Using an Amazon Lex V2 session for LLM memory support

Amazon Lex V2 initiates a session when a user interacts to a bot. A session persists over time unless manually stopped or timed out. A session stores metadata and application-specific data known as session attributes. Amazon Lex updates client applications when the Lambda function adds or changes session attributes. The QnABot includes an interface to set and get session attributes on top of Amazon Lex V2.

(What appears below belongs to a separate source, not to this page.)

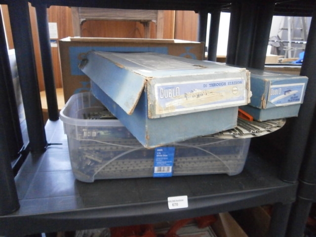 Two blue cardboard boxes containing Dublo model train accessories, including tracks and components, stored in a clear plastic container.

In our code, we used this mechanism to build a custom memory class in LangChain to keep track of the conversation history and enable the LLM to recall short-term and long-term interactions. See the following code:

class LexV2SMLangchainDispatcher():

    def __init__(self, intent_request):
        # See lex bot input format to lambda https://docs.aws.amazon.com/lex/latest/dg/lambda-input-response-format.html
        self.intent_request = intent_request
        self.localeId = self.intent_request['bot']['localeId']
        self.input_transcript = self.intent_request['inputTranscript'] # user input
        self.session_attributes = utils.get_session_attributes(
            self.intent_request)
        self.fulfillment_state = "Fulfilled"
        self.text = "" # response from endpoint
        self.message = {'contentType': 'PlainText','content': self.text}

class QnABotSMLangchainDispatcher():
    def __init__(self, intent_request):
        # QnABot Session attributes
        self.intent_request = intent_request
        self.input_transcript = self.intent_request['req']['question']
        self.intent_name = self.intent_request['req']['intentname']
        self.session_attributes = self.intent_request['req']['session']

Prerequisites

To get started with the deployment, you need to fulfill the following prerequisites:

Access to the AWS Management Console via a user who can launch AWS CloudFormation stacks
Familiarity navigating the Lambda and Amazon Lex consoles

Deploy the solution

To deploy the solution, proceed with the following steps:

Choose Launch Stack to launch the solution in the us-east-1 Region:
For Stack name, enter a unique stack name.
For HFModel, we use the Hugging Face Flan-T5-XL model available on JumpStart.
For HFTask, enter text2text.
Keep S3BucketName as is.

These are used to find Amazon Simple Storage Service (Amazon S3) assets needed to deploy the solution and may change as updates to this post are published.

Acknowledge the capabilities.
Choose Create stack.

There should be four successfully created stacks.

Configure the Amazon Lex V2 bot

There is nothing to do with the Amazon Lex V2 bot. Our CloudFormation template already did the heavy lifting.

Configure the QnABot

We assume you already have an existing QnABot deployed in your environment. But if you need help, follow these instructions to deploy it.

On the AWS CloudFormation console, navigate to the main stack that you deployed.
On the Outputs tab, make a note of the LambdaHookFunctionArn because you need to insert it in the QnABot later.

Log in to the QnABot Designer User Interface (UI) as an administrator.
In the Questions UI, add a new question.

Enter the following values:
- ID – CustomNoMatches
- Question – no_hits
- Answer – Any default answer for “don’t know”
Choose Advanced and go to the Lambda Hook section.
Enter the Amazon Resource Name (ARN) of the Lambda function you noted previously.

Scroll down to the bottom of the section and choose Create.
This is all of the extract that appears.